Detection of Coke Oven Through-Wall Leakage using Data-driven Techniques
28 Sep 2011
M. Saiepour, P. Griffith; Tata Steel RD&T, Swinden Technology Centre, United Kingdom
G. Yi, J. Zhang, J. Morris; Newcastle University, United Kingdom
P. Warren; Tata Steel Long Products, Scunthorpe, United Kingdom
Within a European collaborative research project aimed at reducing emissions, maximising energy
efficiency and improving the performance of coke oven heating, rules-based and multivariate statistical process monitoring techniques have been applied for the on-line detection of through-wall leakage. Coke oven heating process, in steelworks, is a significant contributor to environmental emissions.
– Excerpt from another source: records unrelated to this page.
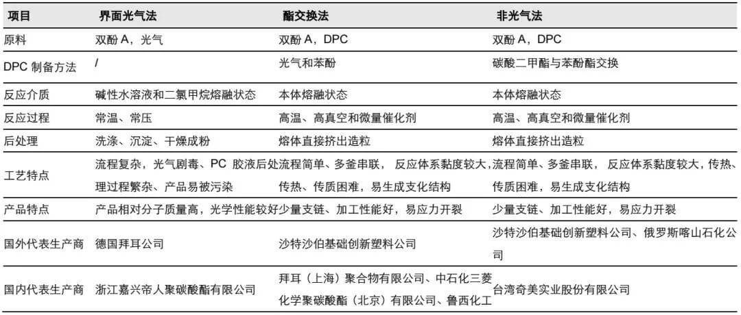 另一種是非光氣法,在此類生產工藝中,不會應用光氣作為原料。光氣法雖然是傳統的PC生產技術,但是由于該技術路線投資大,且光氣又為劇毒產品,危險性極大,世界各國對光氣的生產與應用都有著嚴格的法律規定和限制。非光氣法綠色環保,有望成為 PC 未來主要發展方向。詳見圖1和表1。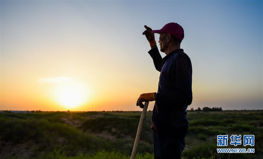 7月7日,孟和巴依爾站在改造后的荒灘上,遠望騰格里沙漠。1993年,孟和巴依爾看到家鄉(xiāng)內(nèi)蒙古阿拉善盟阿拉善左旗超格圖呼熱蘇木由于過度放牧,草場嚴重退化,于是,他與家人在家鄉(xiāng)承包了4000多畝草場進行治沙造林。27年過去,孟和巴依爾一家承包的草場已從曾經(jīng)生態(tài)脆弱的沙化土地變成了如今的茵茵綠洲。新華社記者連振攝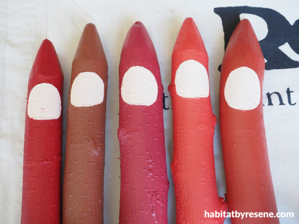 Step 2: Paint a circle for the face using Resene Romantic, and then paint the rest of the branch in your chosen red colour. Fleur used (left to right) Resene Red Berry, Mocha, Paprika, Del Toro and Raging Bull.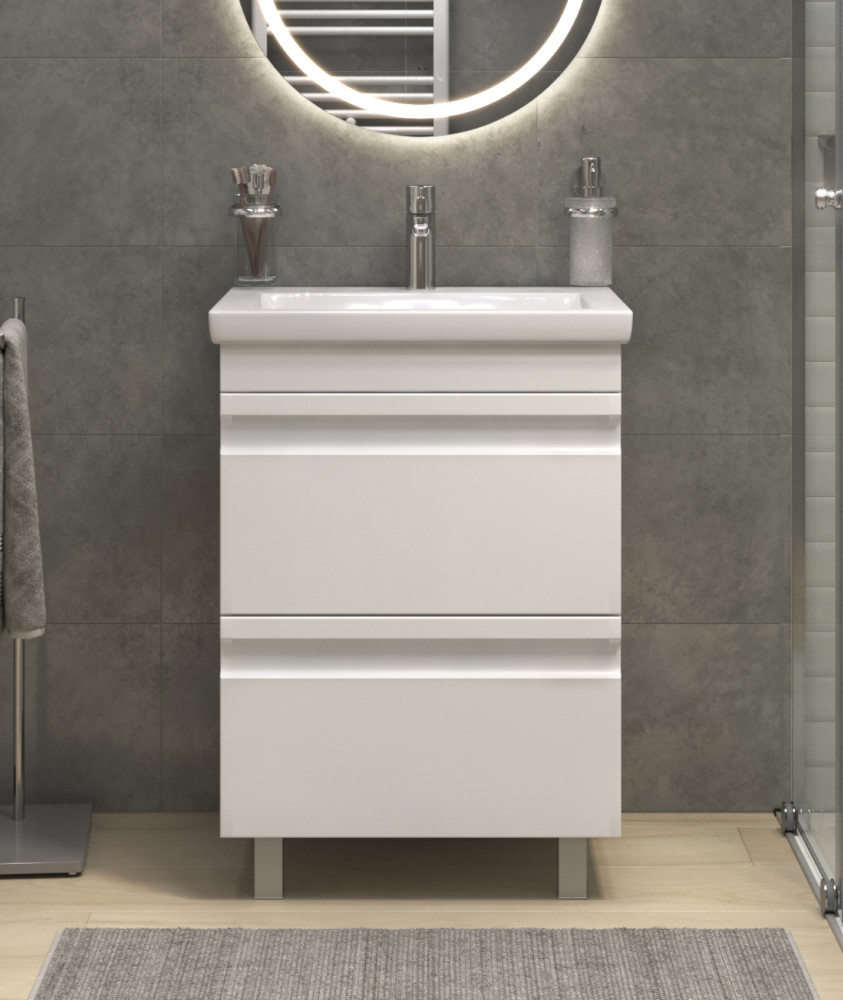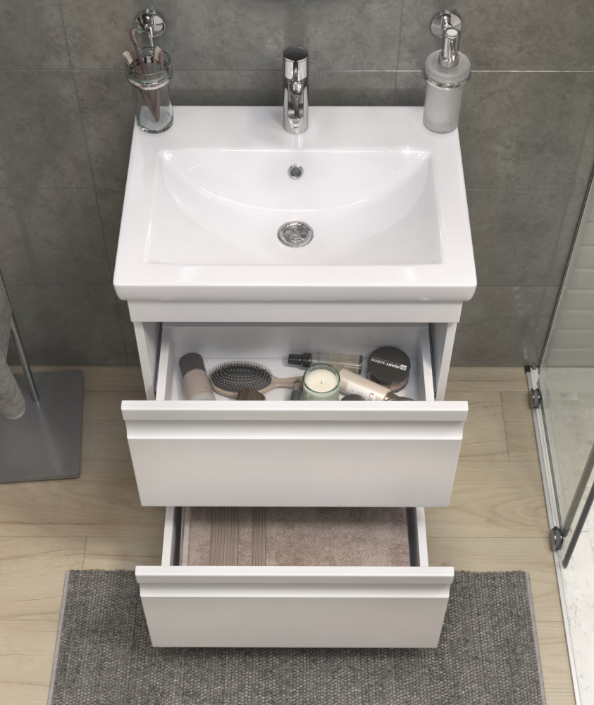 2 выдвижных ящика, шариковые направляющие полного выдвижения, 2 опоры квадратные регулируемые, 1 сифон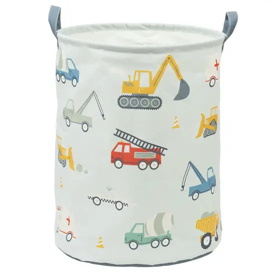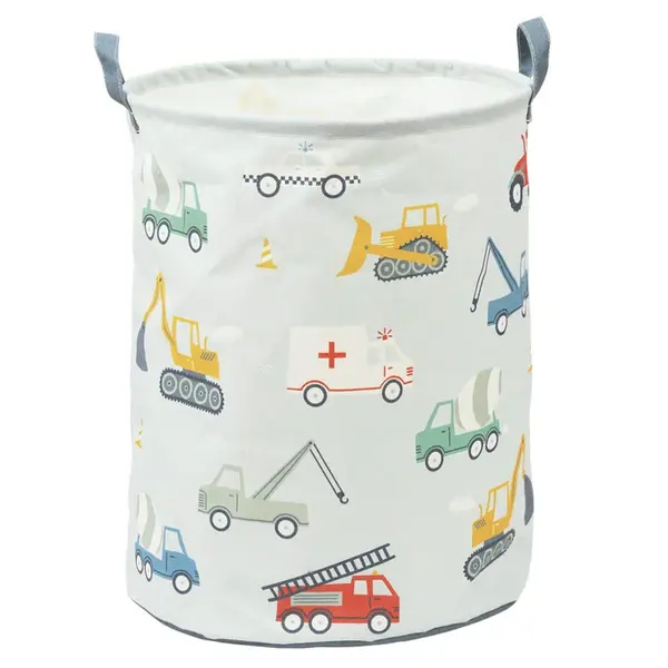 This spacious, cotton light blue vehicle storage basket is ideal for storing toys. Thanks to the PE coating on the inside, the basket is also suitable for collecting laundry.

Legislation has made it essential to manage and reduce these emissions. Through-wall leakage of
material from oven chamber to heating flues is a major cause of incomplete combustion leading to
excessive emissions of dust, visible as black smoke at the battery stack. Hence, detection and location of leakage at an early stage is beneficial. This paper describes research undertaken at a Tata Steel coke oven plant (UK) to develop a diagnostic system to detect and locate through-wall leakage.
Historical coke oven process and waste gas data were analysed and regions selected when no leakage was suspected. These were used as normal condition data to build a principal component analysis (PCA) model with 4 principal components that represented about 80% of the data variations. The warning (95%) and the control (99%) limits for the two monitoring statistics, the square prediction error (SPE) and Hotelling’s T2, were then determined from the PCA model and the normal process operational data. In this study, an abnormal operating condition is detected when the SPE or T2 statistics of a consecutive number of data samples exceed the control limits. In order to determine if this is a through-wall leakage problem, data related to oven charging and combustion are examined. Results have demonstrated that the proposed method is effective in detecting through-wall leakage. A real-time diagnostic and advisory system is currently being developed.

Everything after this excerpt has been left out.